Tasha: Well, part of what keeps people coming back is that it’s just an exciting story, with extremely well-realized characters, and surprising plot twists. And part of it is that Martin executes it all at a level of detail that’s tremendously friendly to those obsessive fans, who at this point have so much material that they could keep speculating endlessly. And part of it is the cliffhangers, and that sense of gotta-see-what-happens-next. Martin is market-savvy in a lot of ways, and he’s smart about keeping people from disengaging.

But I really think the heart, the essence of what he’s doing with A Song Of Ice And Fire is what he’s always gone best: He’s playing with readers’ sense of justice, and their innate desire to see the bad guys punished and the good guys triumphant—or, in a more nuanced way, to see the arrogant humbled, and the weak and innocent saved from horrible fates, and the dutiful and honorable rewarded. What Martin does, better than any other writer I’ve ever read, is create scenarios where justice is denied in elaborate and frustrating ways, but then finally comes—always at a cost. There are no easy payoffs in his books, in this series or in his past history. You talk about ignoring The Others in order to focus on smaller, more immediate threats to the Seven Kingdoms—well, so are the characters, who are scrabbling for the best deck chair on the Titanic, and generally don’t know it. And yet a small, determined handful of people know exactly what they’re facing with The Others, and are trying to fight them before it’s too late for the rest of the world. In a fair and just world, they’d triumph and be considered heroes: Their sacrifices would be recognized and rewarded. With Martin, there’s no telling. It’s a fantasy series, so we all assume they’ll eventually triumph—cruel as Martin can be to his characters, I don’t believe for a second that he’d end with them all dying horribly and the world perishing in eternal winter. The question is what it’ll take to succeed, what kind of price they’ll have to pay, and exactly how they’ll go about it.

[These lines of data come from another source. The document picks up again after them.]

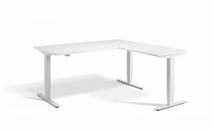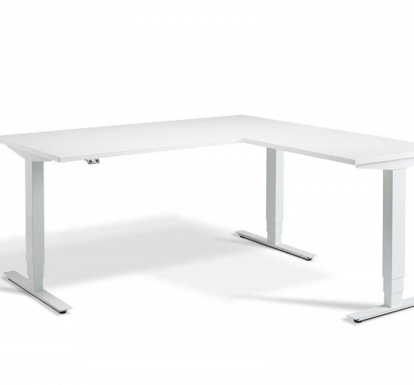 Lavoro Advance Height Adjustable Corner Desk- White Frame- 1800 x 1600mm- White finish The Advance desk from Lavoro Design is an ideal choice for the office or home office. This corner desk features a sturdy and high quality height adjustment triple motor system, with anti-collision motors and many accessory options. With the largest height variation in the Lavoro range from 640mm-1300mm making it ideal for any environment. This means that not only can the user adjust from sitting to standing as they please- which is said to promote health and productivity in the workplace- the desk is fully adjustable for inclusivity of all employees needs. The Advance range is wheelchair accessible. Made from high grade steel, the Advance adjustable desk has a 160 KG max load weight and is available in a range of 9 table top finishes and additional frame colour options.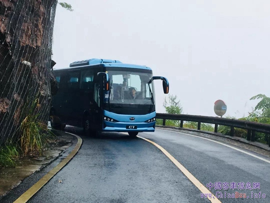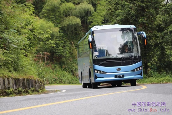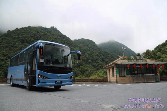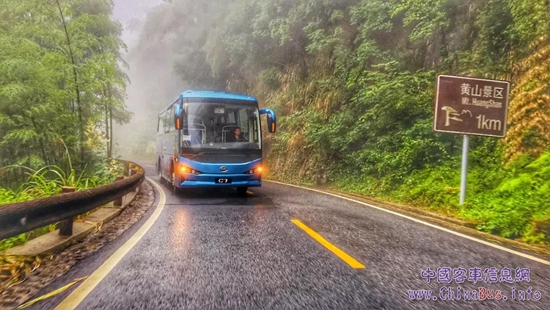 6月中旬,比亞迪C7純電動客車駛?cè)朦S山,在層巒疊嶂間開啟了一段艱險(xiǎn)征途。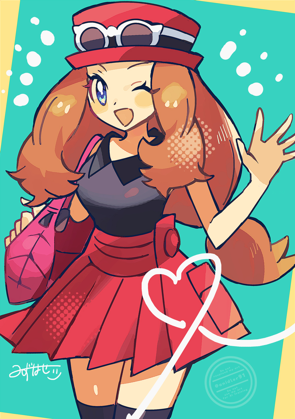 1girl anidler91 aqua_background black_shirt black_thighhighs blonde_hair blue_eyes collared_shirt commentary_request eyewear_on_head hat highres long_hair looking_at_viewer miniskirt nintendo one_eye_closed open_mouth pink_purse pokemon pokemon_x_and_y red_hat red_skirt serena_(pokemon) shirt skirt solo sunglasses thighhighs waving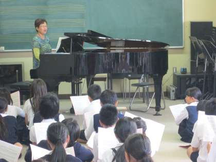 11月7日 140周年を祝う会が近づいてきました。プログラムの中で児童がお祝いの歌として「世界がひとつになるまで」を合唱する予定です。写真は6年生の練習風景です。どの学年も一生懸命取り組んでいるので、当日がとても楽しみです。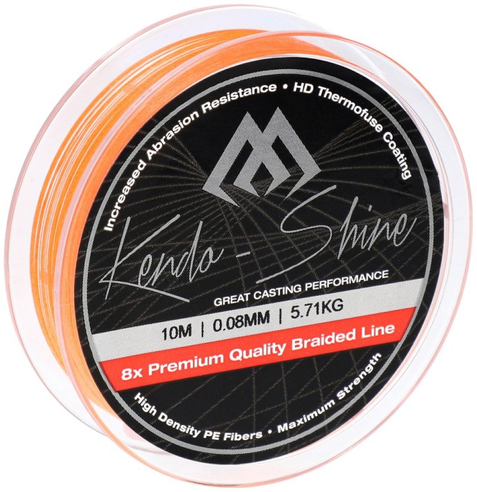 Šňůra je dodávána na jedné cívce o délce 10 m a je vyvedena v zářivé fluo oranžové barvě, která zvyšuje viditelnost nad vodou. Díky kompaktnímu návinu a pevnosti je Kendo Shine vynikající volbou nejen pro vláčení, ale i pro další techniky rybolovu, kde je potřeba tenká, pevná a odolná šňůra.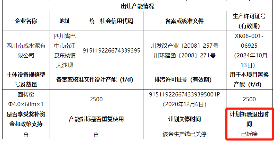 本次置換方案中,出讓方四川南威水泥有限公司生產(chǎn)許可證有效期至2024年10月13日,排污許可證有效期至2020年12月6日,截至本次變更方案公示,四川南威水泥有限公司生產(chǎn)許可證已過期5個月,排污許可證過期已超過4年。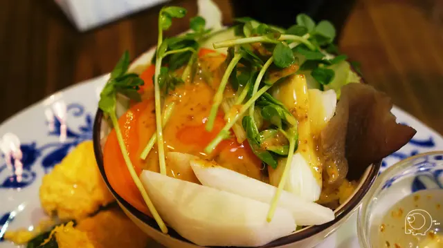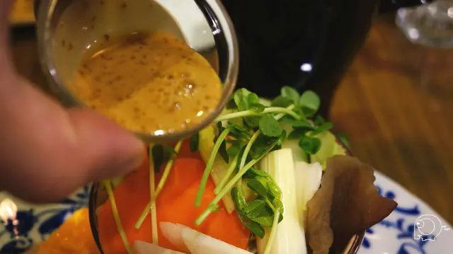 淋上帶著酸味的胡麻醬還滿好吃的呢

All of which may sound obvious, but Martin echoes this sort of thing over and over on smaller scales, and the way he denies characters justice and safety is consummately button-pushing. Like Arya finally almost being reunited with her mother and siblings, only to be whisked away from The Red Wedding. Or Brienne finally finding Catelyn and promptly getting strung up for her trouble, without a chance to speak. Or Oberyn Martell fighting Gregor Clegane, and so clearly having him on the ropes, before that went horribly sour. Even Cersei planning to let Ned live at the end of Game Of Thrones, and Joffrey overruling her… It’s a pattern Martin follows over and over, promising readers satisfaction, then denying it. But that just makes the relief stronger and sweeter when, say, Tyrion finally strikes back against his father, or Dany finally gets the hell out of Meereen and away from all the people who have held her down and tried to manipulate, control, or kill her. That, I think, is what keeps people coming back to A Song Of Ice And Fire: the monstrous injustices Martin foists on his characters, and the savage satisfaction when one of them finally triumphs. He keeps the stakes high, but so does a great deal of fantasy. What he does really well is make them personal at the same time.

And now, thanks to the HBO series, they’re becoming personal for a lot more people. I’m glad the show brought you into the fold, Genevieve. Welcome on board. Now join me in waiting for the next book, and waiting to see whether the TV series does Martin justice, or withholds it from him, just to see if that keeps fans coming back, too.